Up to twenty-five perfect of the nation’s coal-fired power plant fleet is set to retire rather than comply with the Utility MACT. Because these power plants are all subject to the same deadline, we’re talking about a wholesale shift in the electricity industry, occurring literally overnight. Somewhat troublingly, we don’t really know what to expect when the rule kicks in. EPA performed a reliability analysis of the Utility MACT, but the agency’s work was shredded by an informal analysis conducted by the Federal Energy Regulatory Commission.
McMahon’s interview, reposted below, is eye-opening, insofar as it demonstrates the looming uncertainty that now plagues the electric industry as a result of the Utility MACT. As McMahon tells Platts Energy Week, the pipeline network for natural gas is limited in many markets, particularly in the northeast. These logistical constraints, in turn, engendered natural gas scarcity during last winter’s ‘polar vortex’ events, which precipitated price spikes. In the face of exorbitantly priced (or even unavailable) natural gas, utilities turned to coal.

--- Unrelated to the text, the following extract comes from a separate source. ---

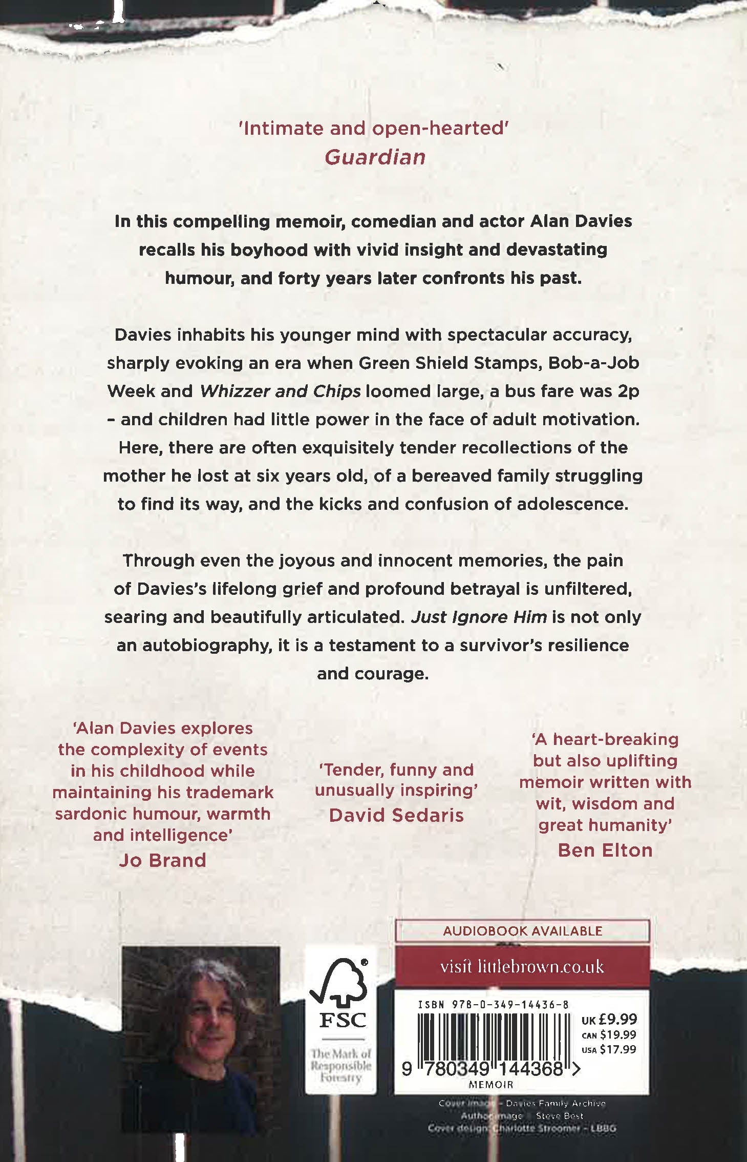 In this compelling memoir, comedian and actor Alan Davies recalls his boyhood with vivid insight and devastating humour. Shifting between his 1970s upbringing and his life today, Davies moves poignantly from innocence to experience to the clarity of hindsight, always with a keen sense of the absurd. From sibling dynamics, to his voiceless, misunderstood progression through school, sexuality and humiliating 'accidents', Davies inhabits his younger mind with spectacular accuracy, sharply evoking an era when Green Shield Stamps, Bob-a-Job week and Whizzer & Chips loomed large, a bus fare was 2p - and children had little power in the face of adult motivation. Here, there are often exquisitely tender recollections of the mother he lost at six years old, of a bereaved family struggling to find its way, and the kicks and confusion of adolescence.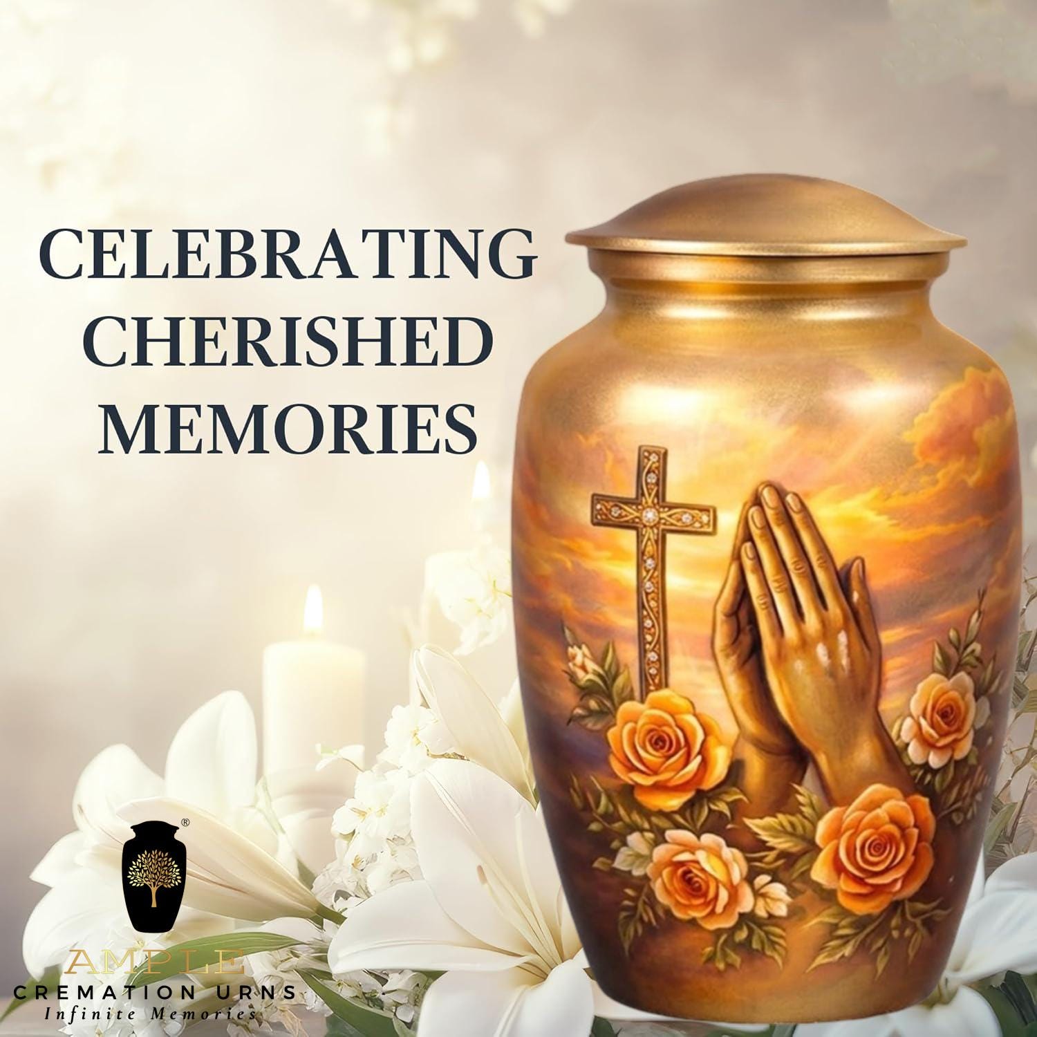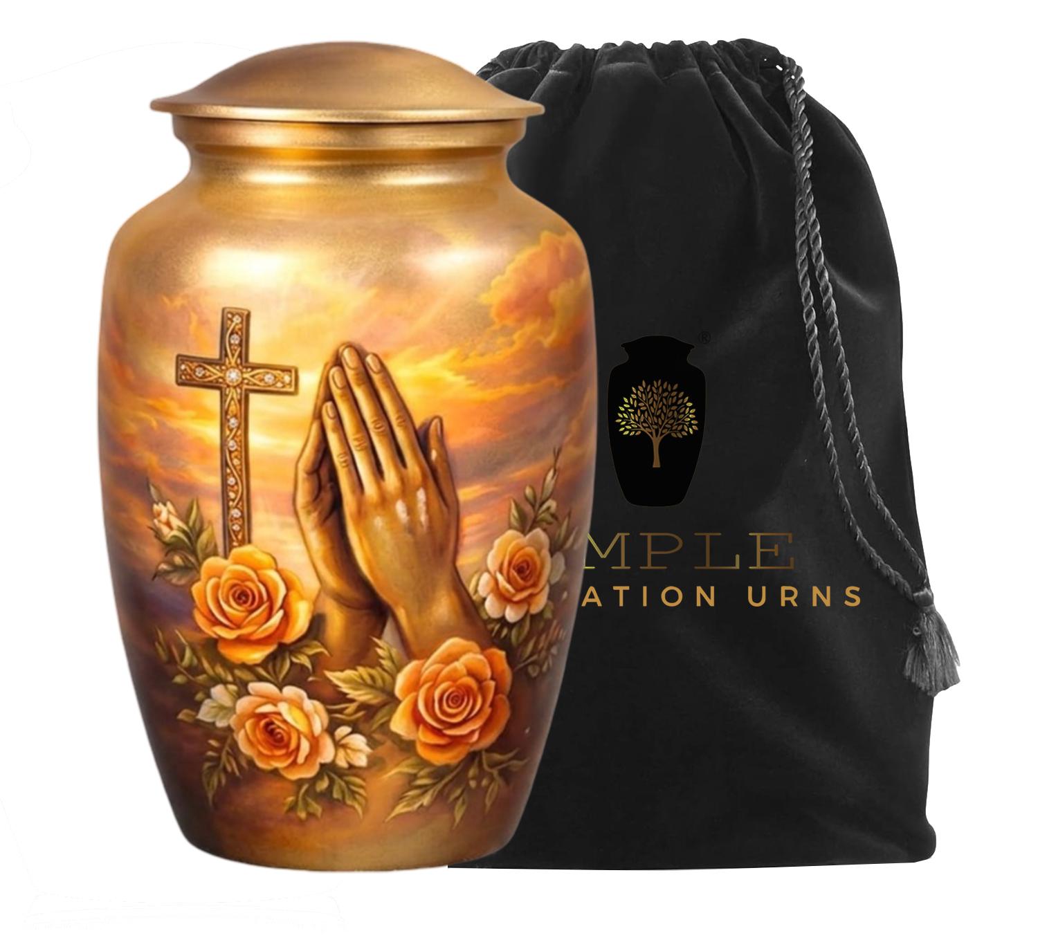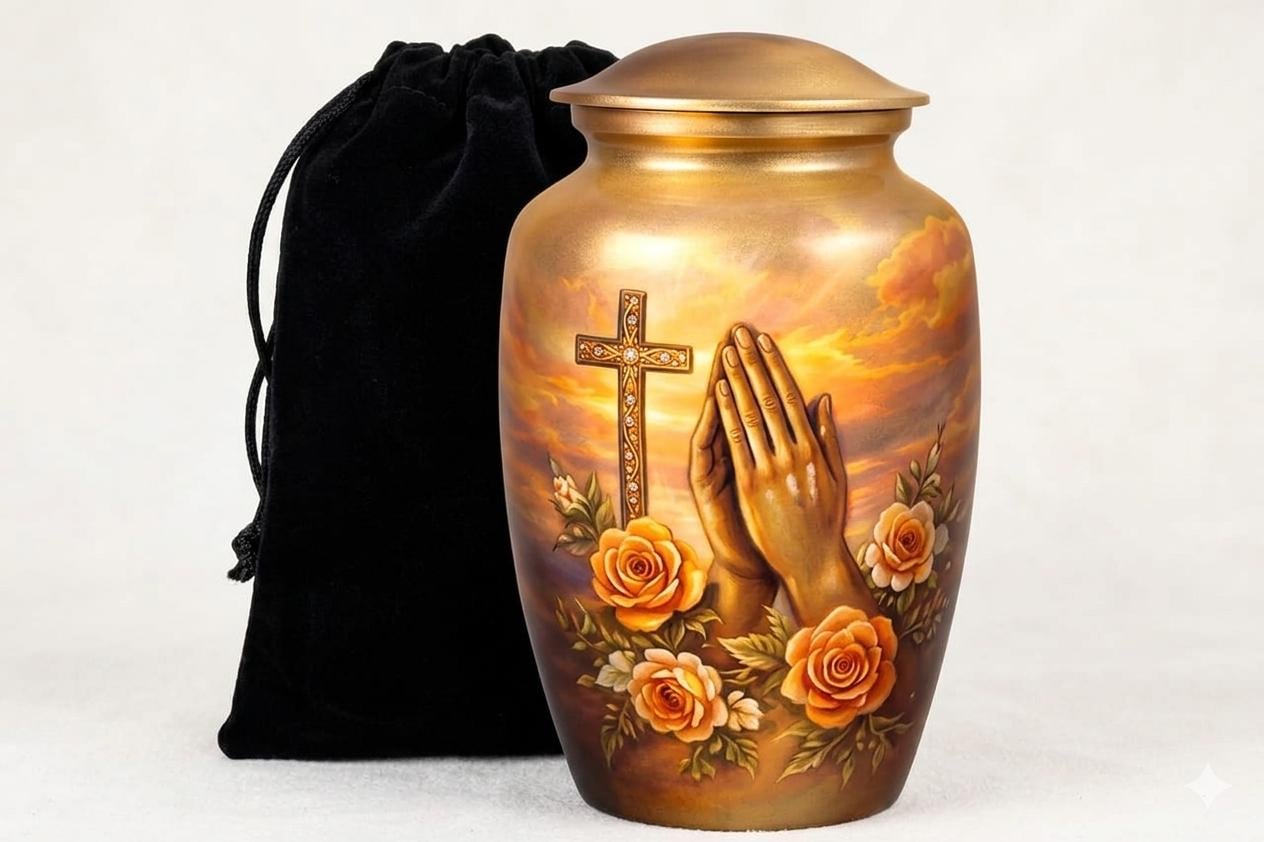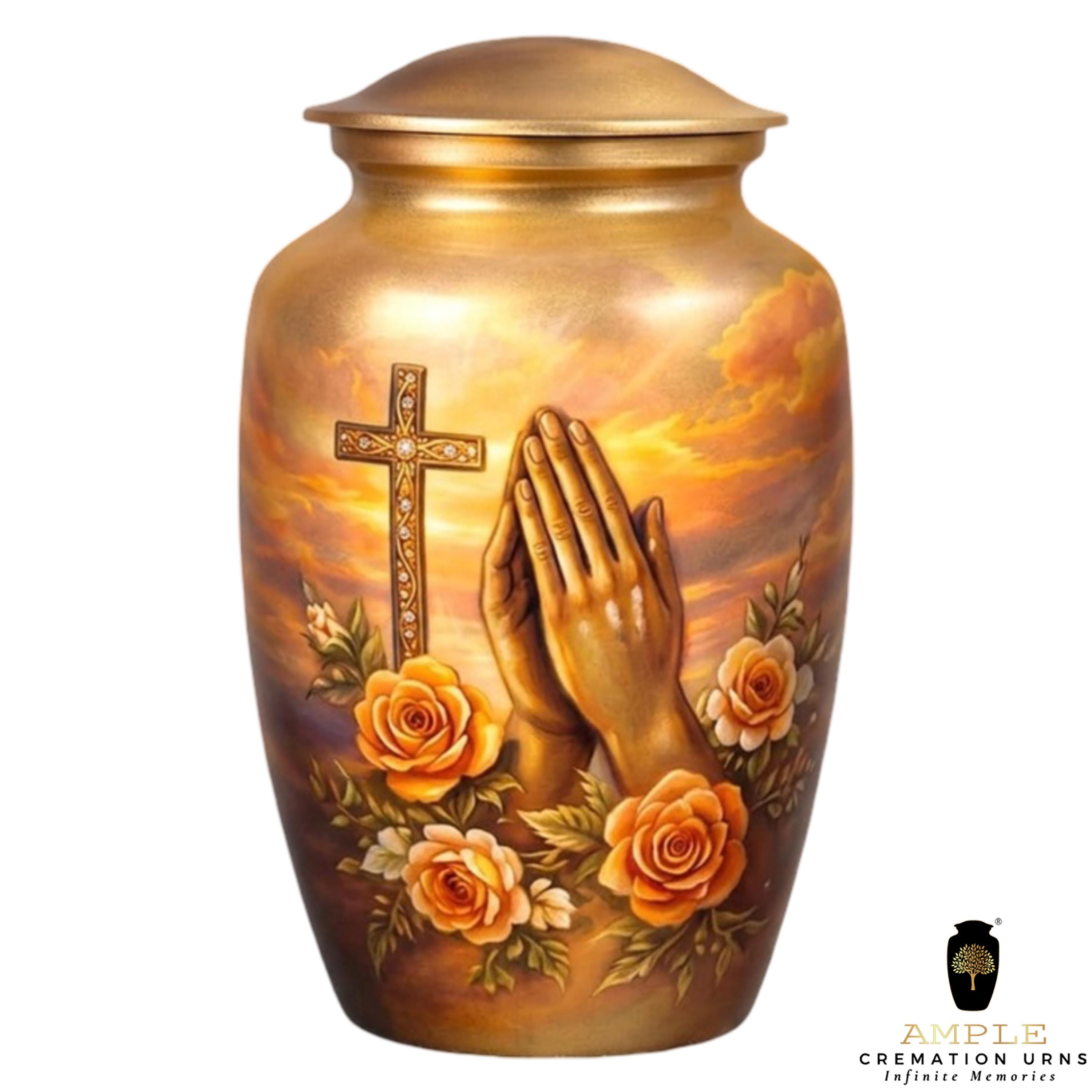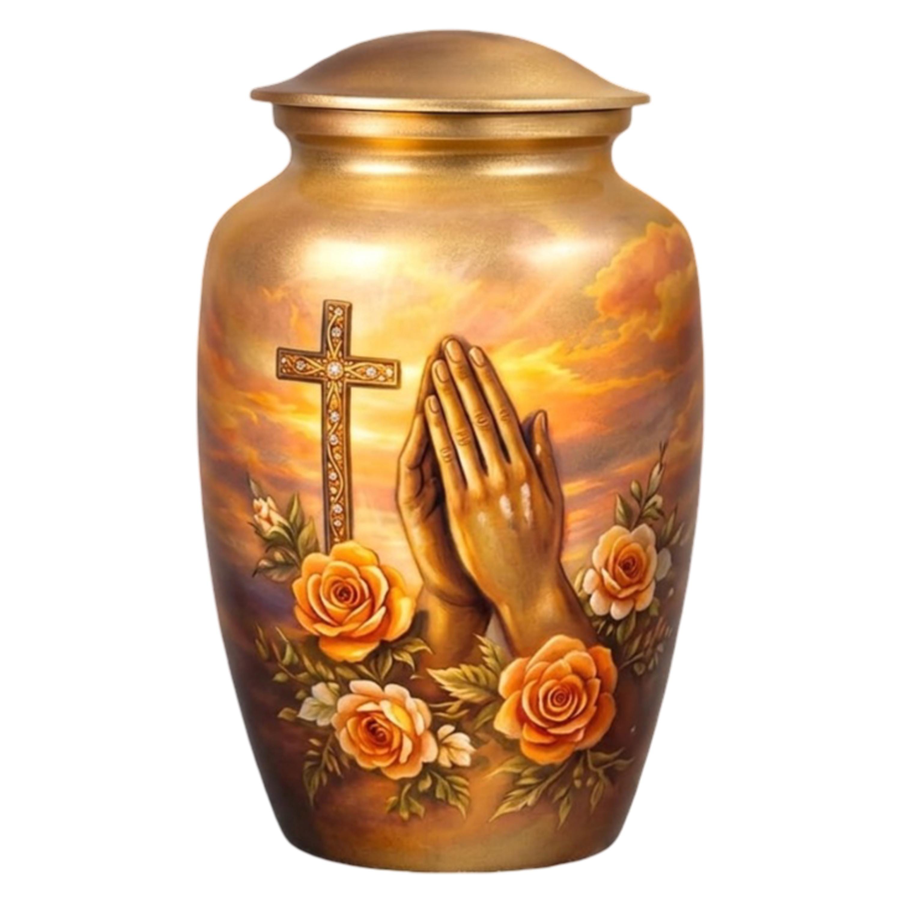 This deeply spiritual memorial features a serene illustration of praying hands set against a radiant, sunset-hued sky. A golden cross, intricately detailed with sparkling accents, stands as a pillar of faith, while a lush arrangement of blooming orange roses symbolizes eternal love and grace. The warm, golden tones of the vessel and the soft clouds create a peaceful atmosphere, offering a dignified final resting place for a loved one whose spirit was guided by prayer and divine light.

Next year, that might not be an option.
Perhaps EPA could justify such a threat to electric reliability, if the agency was actually protecting public health. Alas, this is not the case. The direct justification for the Utility MACT is the protection of a population—pregnant, subsistence fisherwomen—that does not exist. Aware that this original rationale for the Utility MACT is extremely weak, EPA suggests that the regulation’s “co-benefits” render it cost-effective, but this data also is dubious.